Here is what I want you to hear. It was March 25, 1911, a Saturday. At 4:45 in the afternoon, people walking through this park looked up and saw black smoke billowing into the sky. A fire had started in that building. And inside that building on the top three floors, deadly flames leapt from a bin to the oily floors,  and from the floors to the walls, sweeping across work rooms and trapping the workers.

Fighting for their lives, women — girls, really, some as young as 14 — raced to escape, but the exit doors were locked. Others ran to the windows, waving their arms and screaming for help. No help was coming. The fire department’s ladders could only reach to the sixth floor. The flames leapt higher and women started crawling out onto the ledges. And as people on the ground stood in shock silence, a woman jumped. And then another and then another. They hit the ground with a sickening thud. They died on impact. So many, so fast, that women’s bodies piled up on the sidewalk, their blood ran into the gutters.

Dozens more were trapped inside, because the door to the staircase was locked — locked by bosses who were afraid the workers might steal scraps of cloth. Firefighters would later find a pile of burned bodies next to that locked door. It took 18 minutes for 146 people to die. Mostly women, mostly immigrants, Jewish and Italian, mostly people who made as little as five dollars a week to get their shot at the American Dream.

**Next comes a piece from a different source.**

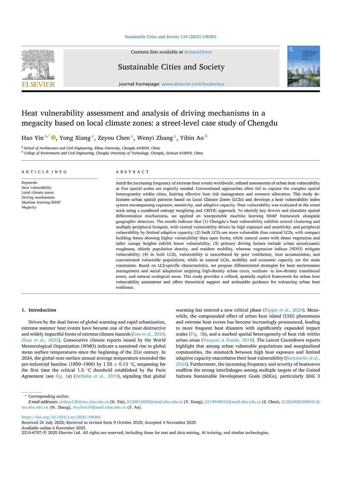 建筑与土木工程学院项勇教授团队在国际知名TOP期刊《Sustainable Cities and Society》(一区TOPIF:12.0)发表了题为“Heat vulnerability assessment and analysis of driving mechanisms in a megacity based on local climate zones: a street- level case study of Chengdu”的研究论文。建筑与土木工程学院2023级硕士研究生殷豪为论文的第一作者,项勇教授为论文的第二作者兼通讯作者,陈泽友副教授为第三作者,均为该研究工作提供了全程指导。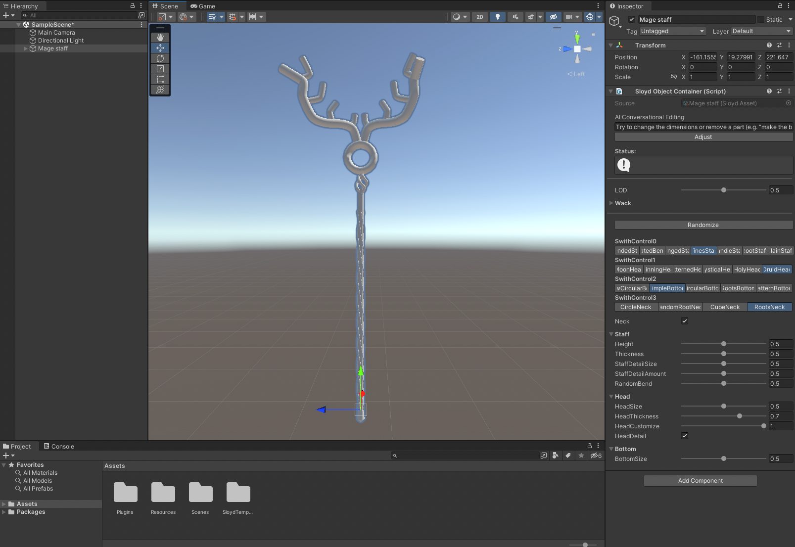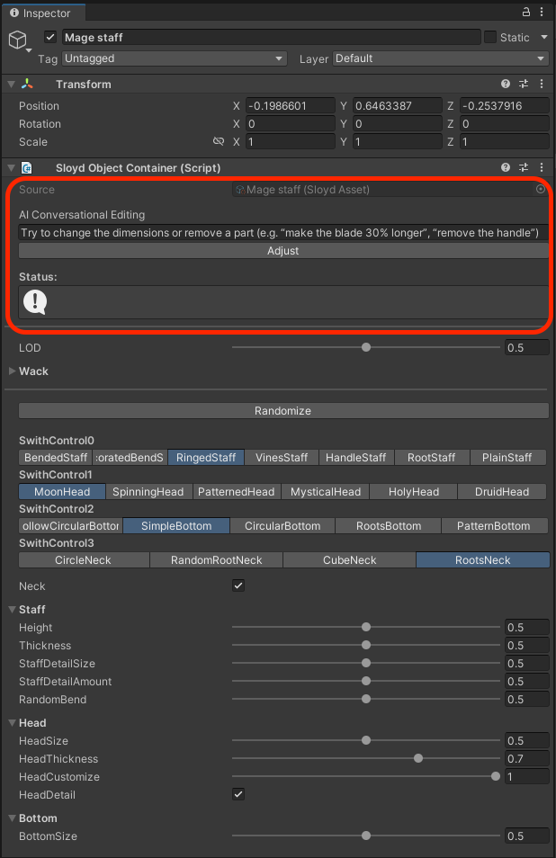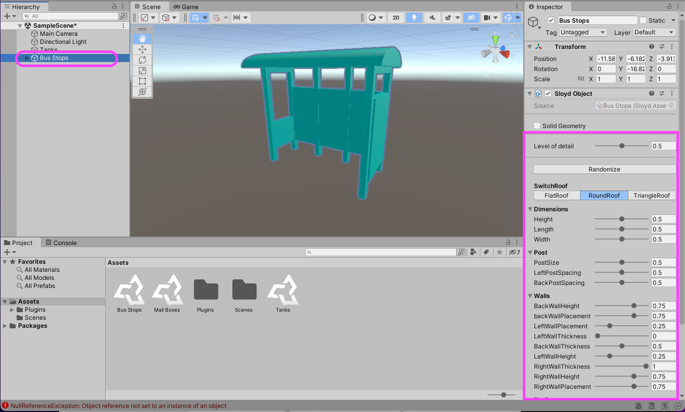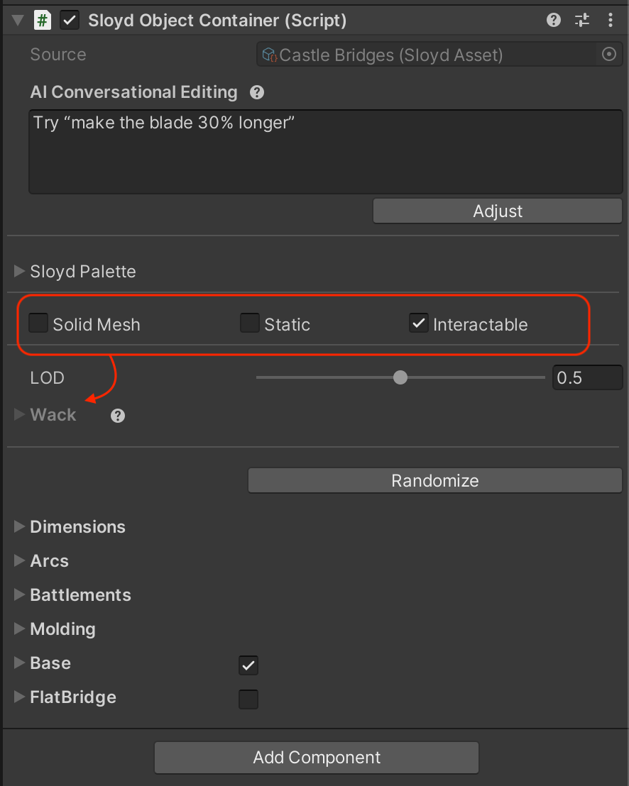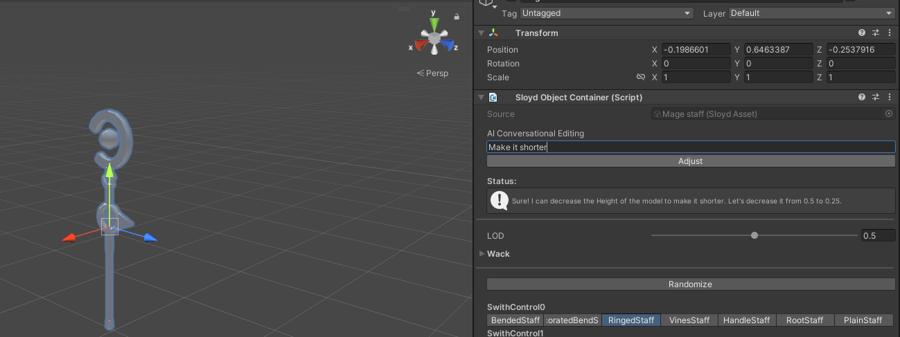 With the Sloyd SDK/Plugin you can spawn generators (configurable 3D objects) and edit them.

It was one of the worst industrial disasters in American history, one of the worst, but it should not have been a surprise. For years across the city, women factory workers and their allies had been sounding the alarm about dangerous and squalid conditions, fighting for shorter hours and higher pay. They protested, they went on strike, they got coverage in the press. Everyone knew about these problems. But the fat profits were making New York’s factory owners rich, and they had no plans to give that up. Instead of changing conditions at the factories, the owners worked their political connections. They made campaign contributions and talked with their friends in the legislature. They greased the state government so thoroughly that nothing changed. Business owners got richer, politicians got more powerful, and working people paid the price. Does any of this sound familiar?

Wow, Elizabeth Warren.

Yeah. She also went on to talk specifically about Frances Perkins and how she became the first woman to serve in the cabinet, as well as the “structural change” she pushed for once she was there. She emphasized how women were sounding the alarm before the fire (i.e. Uprising of 20,000, even though she didn’t mention it by name), and how women led the reform movements.

What was the reaction to her speech?

One onlooker tweeted “thousands of people are standing in rapt silence as she talks” about the fire. Her focus on this resonated with many:

Our takeaway?

The history of the Jewish women who died, and the Jewish woman (and other allies like Frances Perkins!) who organized, should be remembered. Not just by presidential candidates — by everyone.